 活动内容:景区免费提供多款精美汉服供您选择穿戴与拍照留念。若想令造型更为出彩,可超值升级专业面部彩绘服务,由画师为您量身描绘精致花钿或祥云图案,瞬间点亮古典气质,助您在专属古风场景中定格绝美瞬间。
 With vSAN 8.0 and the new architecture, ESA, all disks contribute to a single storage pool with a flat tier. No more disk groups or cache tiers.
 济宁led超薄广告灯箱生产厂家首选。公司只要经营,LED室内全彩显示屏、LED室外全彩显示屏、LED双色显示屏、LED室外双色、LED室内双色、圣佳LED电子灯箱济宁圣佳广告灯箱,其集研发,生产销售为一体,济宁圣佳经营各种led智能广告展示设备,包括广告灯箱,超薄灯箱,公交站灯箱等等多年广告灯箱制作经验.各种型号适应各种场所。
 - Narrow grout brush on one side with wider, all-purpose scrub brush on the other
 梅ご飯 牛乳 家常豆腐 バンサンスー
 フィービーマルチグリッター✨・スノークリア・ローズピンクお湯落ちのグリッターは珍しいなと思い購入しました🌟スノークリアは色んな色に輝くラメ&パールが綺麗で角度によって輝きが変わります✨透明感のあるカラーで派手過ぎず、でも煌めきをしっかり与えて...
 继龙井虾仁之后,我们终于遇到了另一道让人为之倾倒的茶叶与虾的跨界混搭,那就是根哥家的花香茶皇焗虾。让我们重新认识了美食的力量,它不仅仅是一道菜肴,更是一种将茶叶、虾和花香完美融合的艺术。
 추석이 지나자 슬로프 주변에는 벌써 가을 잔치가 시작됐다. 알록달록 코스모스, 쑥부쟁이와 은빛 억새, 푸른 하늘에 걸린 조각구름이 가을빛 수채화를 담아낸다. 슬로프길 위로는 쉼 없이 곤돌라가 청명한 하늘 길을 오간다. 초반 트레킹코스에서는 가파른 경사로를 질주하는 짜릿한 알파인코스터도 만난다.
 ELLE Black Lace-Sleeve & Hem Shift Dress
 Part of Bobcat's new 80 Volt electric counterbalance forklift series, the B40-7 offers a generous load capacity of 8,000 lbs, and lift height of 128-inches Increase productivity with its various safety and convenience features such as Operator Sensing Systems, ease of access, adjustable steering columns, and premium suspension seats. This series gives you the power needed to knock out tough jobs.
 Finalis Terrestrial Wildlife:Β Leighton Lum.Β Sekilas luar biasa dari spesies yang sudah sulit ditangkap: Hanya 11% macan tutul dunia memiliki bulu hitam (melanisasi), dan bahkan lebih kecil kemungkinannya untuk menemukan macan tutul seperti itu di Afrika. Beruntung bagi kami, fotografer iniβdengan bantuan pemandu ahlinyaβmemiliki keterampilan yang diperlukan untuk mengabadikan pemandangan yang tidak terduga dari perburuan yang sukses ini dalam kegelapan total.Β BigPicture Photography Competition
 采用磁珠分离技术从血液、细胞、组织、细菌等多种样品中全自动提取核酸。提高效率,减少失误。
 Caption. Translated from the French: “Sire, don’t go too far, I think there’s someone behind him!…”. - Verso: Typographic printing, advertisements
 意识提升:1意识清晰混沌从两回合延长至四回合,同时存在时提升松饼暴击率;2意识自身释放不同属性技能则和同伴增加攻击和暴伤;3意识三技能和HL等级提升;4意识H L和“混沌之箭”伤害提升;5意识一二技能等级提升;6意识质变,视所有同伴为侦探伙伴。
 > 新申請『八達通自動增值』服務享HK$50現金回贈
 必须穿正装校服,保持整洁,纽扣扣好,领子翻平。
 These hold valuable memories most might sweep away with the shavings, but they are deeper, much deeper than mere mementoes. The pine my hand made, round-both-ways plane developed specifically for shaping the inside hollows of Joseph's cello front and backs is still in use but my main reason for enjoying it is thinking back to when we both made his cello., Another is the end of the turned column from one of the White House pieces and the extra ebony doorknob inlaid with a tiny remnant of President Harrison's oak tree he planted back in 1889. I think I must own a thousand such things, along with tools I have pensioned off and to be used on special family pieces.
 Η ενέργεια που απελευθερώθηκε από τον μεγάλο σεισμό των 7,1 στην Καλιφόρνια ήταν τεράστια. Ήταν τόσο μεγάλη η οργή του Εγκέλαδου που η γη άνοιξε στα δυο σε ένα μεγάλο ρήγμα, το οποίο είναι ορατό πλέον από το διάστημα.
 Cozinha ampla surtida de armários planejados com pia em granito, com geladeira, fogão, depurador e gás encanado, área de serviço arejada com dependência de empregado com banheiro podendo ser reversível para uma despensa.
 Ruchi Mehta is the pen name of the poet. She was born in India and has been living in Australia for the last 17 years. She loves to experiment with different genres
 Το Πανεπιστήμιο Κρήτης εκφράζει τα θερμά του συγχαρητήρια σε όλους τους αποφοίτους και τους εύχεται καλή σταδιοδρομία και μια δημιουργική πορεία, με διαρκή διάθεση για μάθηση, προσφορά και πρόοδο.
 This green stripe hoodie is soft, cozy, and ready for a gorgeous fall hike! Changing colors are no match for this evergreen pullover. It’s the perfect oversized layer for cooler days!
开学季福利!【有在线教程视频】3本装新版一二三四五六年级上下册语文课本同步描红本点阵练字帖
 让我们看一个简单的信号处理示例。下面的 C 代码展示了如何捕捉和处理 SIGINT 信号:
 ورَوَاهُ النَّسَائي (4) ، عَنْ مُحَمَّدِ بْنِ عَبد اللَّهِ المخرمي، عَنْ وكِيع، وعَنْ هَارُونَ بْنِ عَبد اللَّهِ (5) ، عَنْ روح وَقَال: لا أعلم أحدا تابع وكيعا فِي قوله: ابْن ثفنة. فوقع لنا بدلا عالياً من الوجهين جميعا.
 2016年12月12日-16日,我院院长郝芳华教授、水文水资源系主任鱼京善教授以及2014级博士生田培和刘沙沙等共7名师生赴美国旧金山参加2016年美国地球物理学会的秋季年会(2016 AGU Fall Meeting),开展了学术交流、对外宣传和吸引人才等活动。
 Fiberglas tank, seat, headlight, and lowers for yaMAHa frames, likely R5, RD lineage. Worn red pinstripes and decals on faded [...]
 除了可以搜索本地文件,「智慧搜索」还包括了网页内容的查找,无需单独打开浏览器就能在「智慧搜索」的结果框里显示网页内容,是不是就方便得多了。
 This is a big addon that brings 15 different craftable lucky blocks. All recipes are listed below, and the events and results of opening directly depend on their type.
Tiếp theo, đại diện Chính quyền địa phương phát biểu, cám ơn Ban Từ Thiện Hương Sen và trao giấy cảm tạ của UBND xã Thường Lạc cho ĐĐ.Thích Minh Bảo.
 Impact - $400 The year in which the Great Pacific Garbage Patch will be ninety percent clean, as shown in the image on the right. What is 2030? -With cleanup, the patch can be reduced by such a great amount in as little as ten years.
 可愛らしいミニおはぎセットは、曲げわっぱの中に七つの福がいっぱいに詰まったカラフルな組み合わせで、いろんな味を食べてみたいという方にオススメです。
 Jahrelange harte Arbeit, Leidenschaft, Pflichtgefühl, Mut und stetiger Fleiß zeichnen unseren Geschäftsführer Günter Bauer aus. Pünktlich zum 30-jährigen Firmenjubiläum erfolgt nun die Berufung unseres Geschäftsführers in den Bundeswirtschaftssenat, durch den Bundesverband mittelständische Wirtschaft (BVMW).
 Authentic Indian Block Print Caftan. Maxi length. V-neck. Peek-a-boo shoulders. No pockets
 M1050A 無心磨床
• • • • • • •
■ ACTIVITY:
Whenever the word "different" shows up in a line of the entries above, copy that line.

■ EXERCISE OUTPUT:
 Ruchi Mehta is the pen name of the poet. She was born in India and has been living in Australia for the last 17 years. She loves to experiment with different genres
 This is a big addon that brings 15 different craftable lucky blocks. All recipes are listed below, and the events and results of opening directly depend on their type.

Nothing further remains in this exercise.